Energy Act 2011
- Parliament of the United Kingdom
- Long title: An Act to make provision for the arrangement and financing of energy efficiency improvements to be made to properties by owners and occupiers; about the energy efficiency of properties in the private rented sector; about the promotion by energy companies of reductions in carbon emissions and home-heating costs; about information relating to energy consumption, efficiency and tariffs; for increasing the security of energy supplies; about access to upstream petroleum infrastructure and downstream gas processing facilities; about a special administration regime for energy supply companies; about designations under the Continental Shelf Act 1964; about licence modifications relating to offshore transmission and distribution of electricity; about the security of nuclear construction sites; about the decommissioning of nuclear sites and offshore infrastructure; for the use of pipelines for carbon capture and storage; for an annual report on contribution to carbon emissions reduction targets; for action relating to the energy efficiency of residential accommodation in England; for the generation of electricity from renewable sources; about renewable heat incentives in Northern Ireland; about the powers of the Coal Authority; for an amendment of section 137 of the Energy Act 2004; for the amendment and repeal of measures relating to home energy efficiency; and for connected purposes.
- Citation: 2011 c. 16
- Introduced by: Chris Huhne (Commons) Lord Marland (Lords)

Dates
- Royal assent: 18 October 2011

Status: Amended

= Energy Act 2011 =

The Energy Act 2011 (c 16) is an Act of the Parliament of the United Kingdom relating to UK enterprise law and energy in the UK.

==Provisions==
The act implemented the Green Deal, a scheme to provide loans to homeowners, landlords and tenants for measures to make homes more energy efficient; the loans would be repaid through electricity bills.

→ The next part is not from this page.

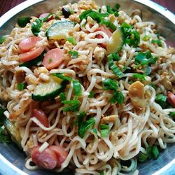 1.Soak the noodles in boiling water, then drain them into cold water.

The available home improvements included:

- solar panels
- a new boiler
- external wall insulation or wall cladding
- cavity wall insulation
- double glazing windows
- under-floor heating.

At the time the act was passed, the government said it expected that the scheme would continue until 2020, that approximately 26 million homes would be reached by the scheme, amounting to £14 billion in new loans.

The act created standards for the energy efficiency of commercial buildings.

== Commencement ==
The provisions relating to the Green Deal were commenced in 2012.

== Outcome ==
Uptake of Green Deal loans was low, and the government stopped funding the scheme in 2015.